- **SOURCE RECORDS**:
———

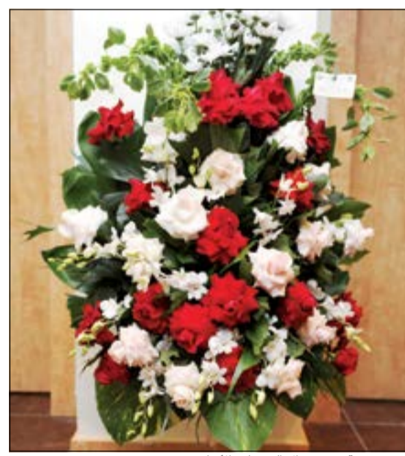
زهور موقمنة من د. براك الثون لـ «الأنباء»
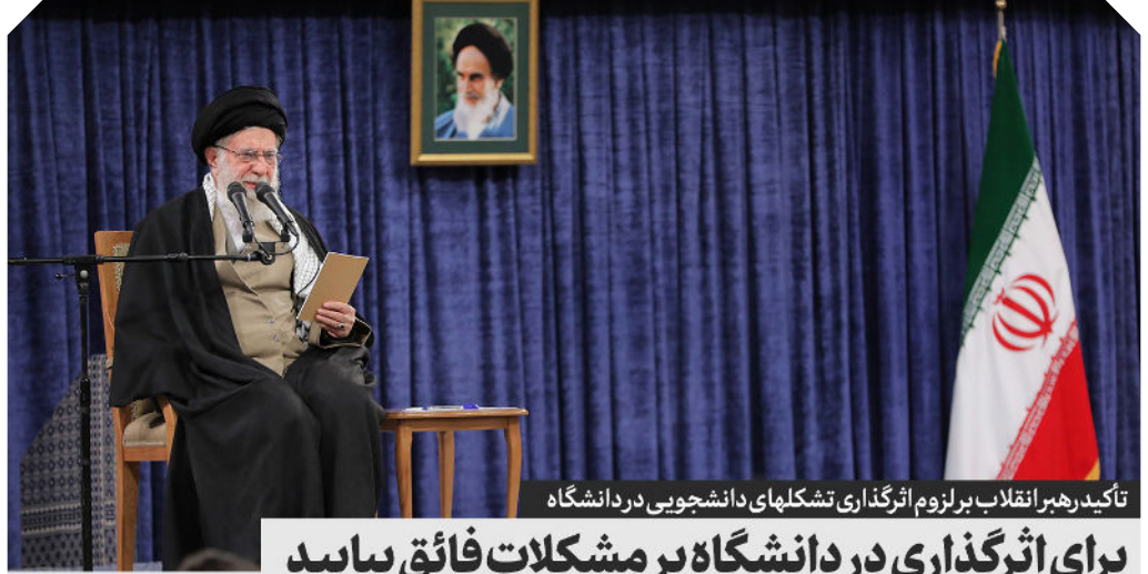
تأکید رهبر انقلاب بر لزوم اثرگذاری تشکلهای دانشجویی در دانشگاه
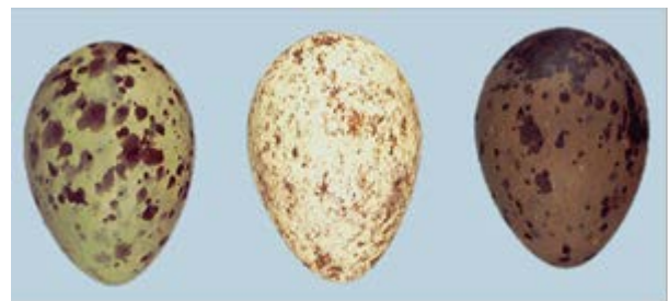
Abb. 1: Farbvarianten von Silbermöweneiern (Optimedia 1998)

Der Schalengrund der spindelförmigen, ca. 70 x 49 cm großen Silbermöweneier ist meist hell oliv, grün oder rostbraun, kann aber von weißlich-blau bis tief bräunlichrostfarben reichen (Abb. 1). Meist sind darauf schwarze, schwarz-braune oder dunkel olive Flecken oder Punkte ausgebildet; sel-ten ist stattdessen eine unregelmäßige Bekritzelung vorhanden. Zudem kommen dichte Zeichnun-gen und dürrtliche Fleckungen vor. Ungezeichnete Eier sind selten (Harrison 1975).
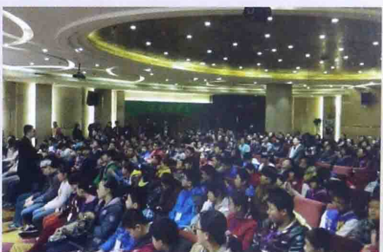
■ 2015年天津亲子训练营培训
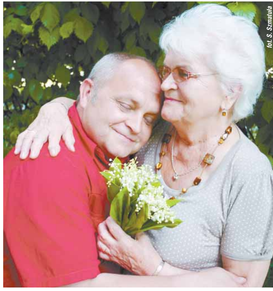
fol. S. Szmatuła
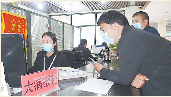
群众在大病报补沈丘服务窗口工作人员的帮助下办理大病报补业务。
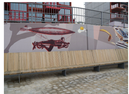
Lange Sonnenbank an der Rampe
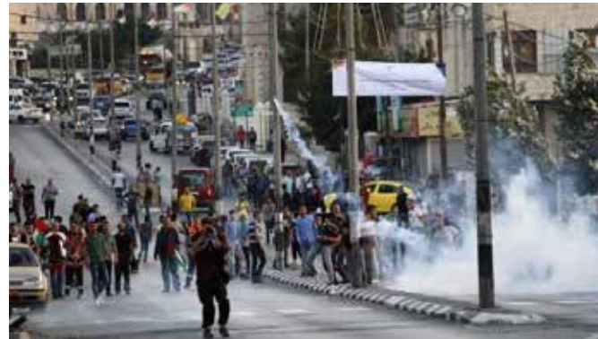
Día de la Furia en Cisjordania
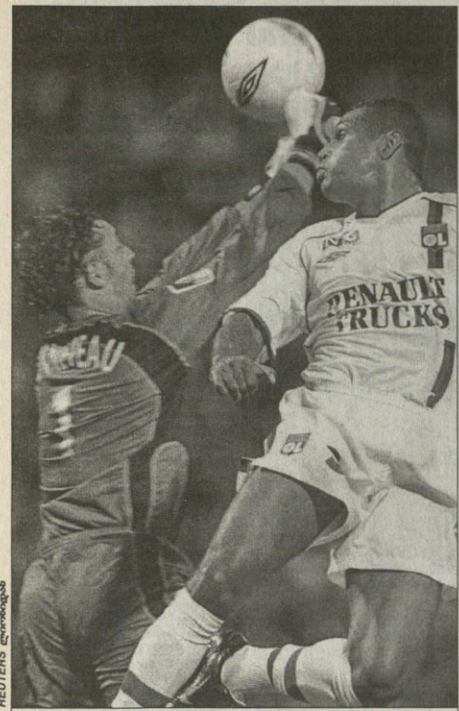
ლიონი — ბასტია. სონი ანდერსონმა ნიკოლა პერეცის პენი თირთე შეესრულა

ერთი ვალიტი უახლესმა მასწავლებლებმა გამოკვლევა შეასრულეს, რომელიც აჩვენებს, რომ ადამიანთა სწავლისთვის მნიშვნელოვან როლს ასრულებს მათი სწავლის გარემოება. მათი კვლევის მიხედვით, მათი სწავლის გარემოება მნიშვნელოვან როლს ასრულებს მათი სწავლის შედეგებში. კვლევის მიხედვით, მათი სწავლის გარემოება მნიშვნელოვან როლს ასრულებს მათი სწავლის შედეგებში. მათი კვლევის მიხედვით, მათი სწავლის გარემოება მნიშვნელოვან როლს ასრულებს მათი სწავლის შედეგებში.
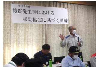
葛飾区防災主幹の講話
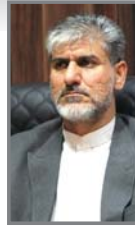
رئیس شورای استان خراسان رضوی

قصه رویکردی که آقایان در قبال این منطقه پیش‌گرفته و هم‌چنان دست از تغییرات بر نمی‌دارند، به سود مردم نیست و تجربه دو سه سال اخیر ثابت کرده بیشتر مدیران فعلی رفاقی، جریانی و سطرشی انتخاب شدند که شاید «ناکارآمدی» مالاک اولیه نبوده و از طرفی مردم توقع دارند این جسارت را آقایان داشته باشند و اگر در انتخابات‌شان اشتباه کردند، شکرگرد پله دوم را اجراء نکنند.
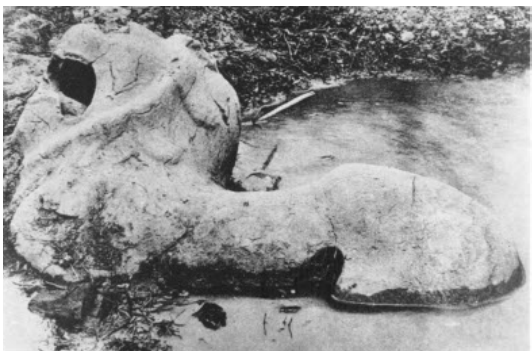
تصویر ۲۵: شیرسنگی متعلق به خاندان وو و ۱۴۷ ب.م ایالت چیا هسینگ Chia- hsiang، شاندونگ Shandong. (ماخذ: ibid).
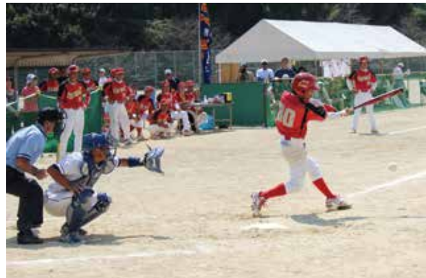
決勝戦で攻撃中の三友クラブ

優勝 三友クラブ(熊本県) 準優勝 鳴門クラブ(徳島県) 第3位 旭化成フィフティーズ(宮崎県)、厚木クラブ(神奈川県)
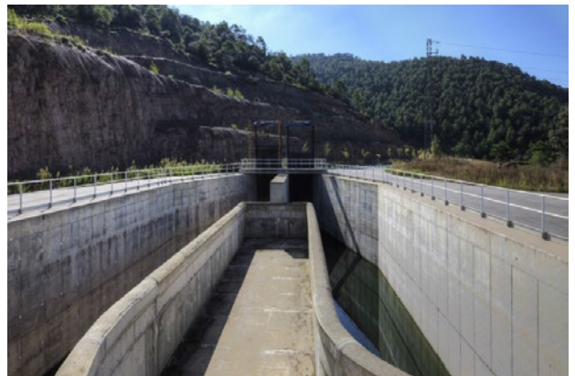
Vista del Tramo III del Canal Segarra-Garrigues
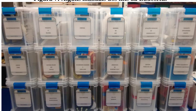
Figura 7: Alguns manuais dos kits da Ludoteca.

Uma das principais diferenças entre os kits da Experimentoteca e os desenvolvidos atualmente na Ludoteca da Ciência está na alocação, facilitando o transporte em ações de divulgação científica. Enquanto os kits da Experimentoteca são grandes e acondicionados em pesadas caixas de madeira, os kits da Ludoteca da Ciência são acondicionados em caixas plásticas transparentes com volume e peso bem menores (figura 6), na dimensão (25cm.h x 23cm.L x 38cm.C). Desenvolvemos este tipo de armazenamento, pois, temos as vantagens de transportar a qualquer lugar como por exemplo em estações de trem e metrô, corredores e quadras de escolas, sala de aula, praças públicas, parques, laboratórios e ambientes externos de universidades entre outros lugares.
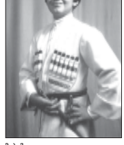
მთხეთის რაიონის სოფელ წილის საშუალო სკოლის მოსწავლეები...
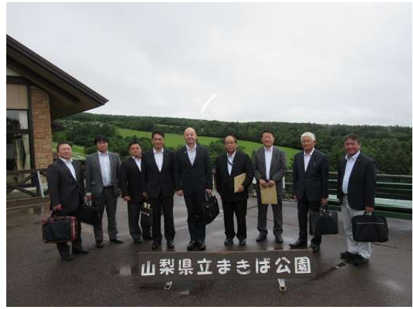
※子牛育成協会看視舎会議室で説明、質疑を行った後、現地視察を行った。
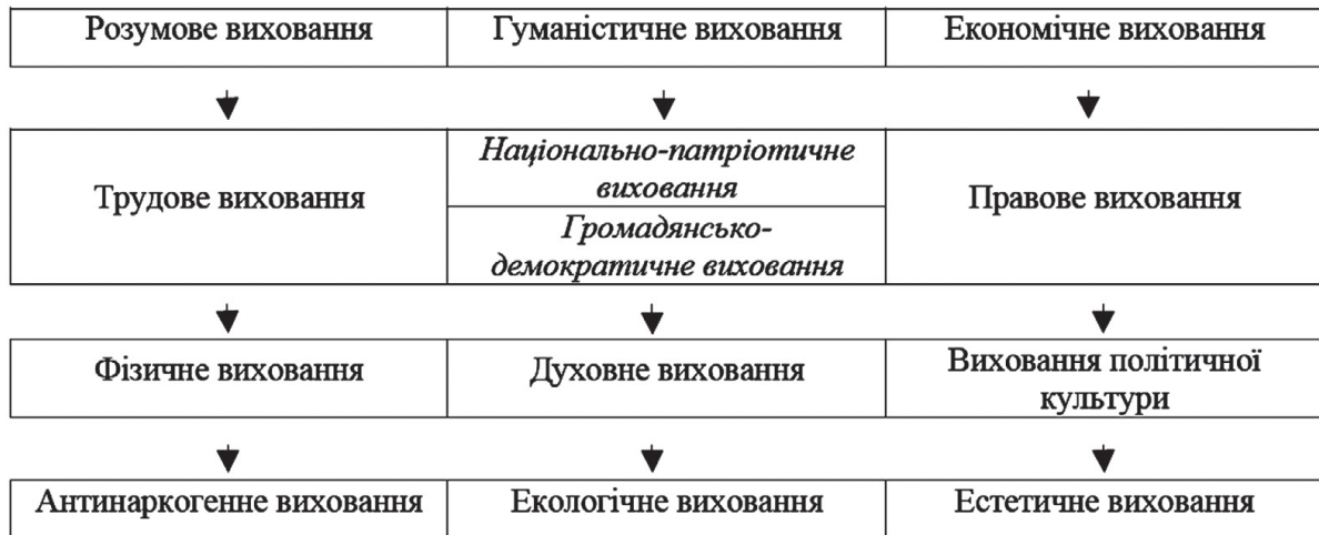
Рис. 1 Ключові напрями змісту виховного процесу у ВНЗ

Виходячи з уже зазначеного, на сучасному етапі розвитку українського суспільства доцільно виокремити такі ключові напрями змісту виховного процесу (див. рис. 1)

———

- **PROBLEM REQUIREMENTS**: Except for the pictures, the whole listing above should be transcribed exactly.

- **TASK ANSWER**:
زهور موقمنة من د. براك الثون لـ «الأنباء»
تأکید رهبر انقلاب بر لزوم اثرگذاری تشکلهای دانشجویی در دانشگاه
Abb. 1: Farbvarianten von Silbermöweneiern (Optimedia 1998)

Der Schalengrund der spindelförmigen, ca. 70 x 49 cm großen Silbermöweneier ist meist hell oliv, grün oder rostbraun, kann aber von weißlich-blau bis tief bräunlichrostfarben reichen (Abb. 1). Meist sind darauf schwarze, schwarz-braune oder dunkel olive Flecken oder Punkte ausgebildet; sel-ten ist stattdessen eine unregelmäßige Bekritzelung vorhanden. Zudem kommen dichte Zeichnun-gen und dürrtliche Fleckungen vor. Ungezeichnete Eier sind selten (Harrison 1975).
■ 2015年天津亲子训练营培训
fol. S. Szmatuła
群众在大病报补沈丘服务窗口工作人员的帮助下办理大病报补业务。
Lange Sonnenbank an der Rampe
Día de la Furia en Cisjordania
ლიონი — ბასტია. სონი ანდერსონმა ნიკოლა პერეცის პენი თირთე შეესრულა

ერთი ვალიტი უახლესმა მასწავლებლებმა გამოკვლევა შეასრულეს, რომელიც აჩვენებს, რომ ადამიანთა სწავლისთვის მნიშვნელოვან როლს ასრულებს მათი სწავლის გარემოება. მათი კვლევის მიხედვით, მათი სწავლის გარემოება მნიშვნელოვან როლს ასრულებს მათი სწავლის შედეგებში. კვლევის მიხედვით, მათი სწავლის გარემოება მნიშვნელოვან როლს ასრულებს მათი სწავლის შედეგებში. მათი კვლევის მიხედვით, მათი სწავლის გარემოება მნიშვნელოვან როლს ასრულებს მათი სწავლის შედეგებში.
葛飾区防災主幹の講話
رئیس شورای استان خراسان رضوی

قصه رویکردی که آقایان در قبال این منطقه پیش‌گرفته و هم‌چنان دست از تغییرات بر نمی‌دارند، به سود مردم نیست و تجربه دو سه سال اخیر ثابت کرده بیشتر مدیران فعلی رفاقی، جریانی و سطرشی انتخاب شدند که شاید «ناکارآمدی» مالاک اولیه نبوده و از طرفی مردم توقع دارند این جسارت را آقایان داشته باشند و اگر در انتخابات‌شان اشتباه کردند، شکرگرد پله دوم را اجراء نکنند.
تصویر ۲۵: شیرسنگی متعلق به خاندان وو و ۱۴۷ ب.م ایالت چیا هسینگ Chia- hsiang، شاندونگ Shandong. (ماخذ: ibid).
決勝戦で攻撃中の三友クラブ

優勝 三友クラブ(熊本県) 準優勝 鳴門クラブ(徳島県) 第3位 旭化成フィフティーズ(宮崎県)、厚木クラブ(神奈川県)
Vista del Tramo III del Canal Segarra-Garrigues
Figura 7: Alguns manuais dos kits da Ludoteca.

Uma das principais diferenças entre os kits da Experimentoteca e os desenvolvidos atualmente na Ludoteca da Ciência está na alocação, facilitando o transporte em ações de divulgação científica. Enquanto os kits da Experimentoteca são grandes e acondicionados em pesadas caixas de madeira, os kits da Ludoteca da Ciência são acondicionados em caixas plásticas transparentes com volume e peso bem menores (figura 6), na dimensão (25cm.h x 23cm.L x 38cm.C). Desenvolvemos este tipo de armazenamento, pois, temos as vantagens de transportar a qualquer lugar como por exemplo em estações de trem e metrô, corredores e quadras de escolas, sala de aula, praças públicas, parques, laboratórios e ambientes externos de universidades entre outros lugares.
მთხეთის რაიონის სოფელ წილის საშუალო სკოლის მოსწავლეები...
※子牛育成協会看視舎会議室で説明、質疑を行った後、現地視察を行った。
Рис. 1 Ключові напрями змісту виховного процесу у ВНЗ

Виходячи з уже зазначеного, на сучасному етапі розвитку українського суспільства доцільно виокремити такі ключові напрями змісту виховного процесу (див. рис. 1)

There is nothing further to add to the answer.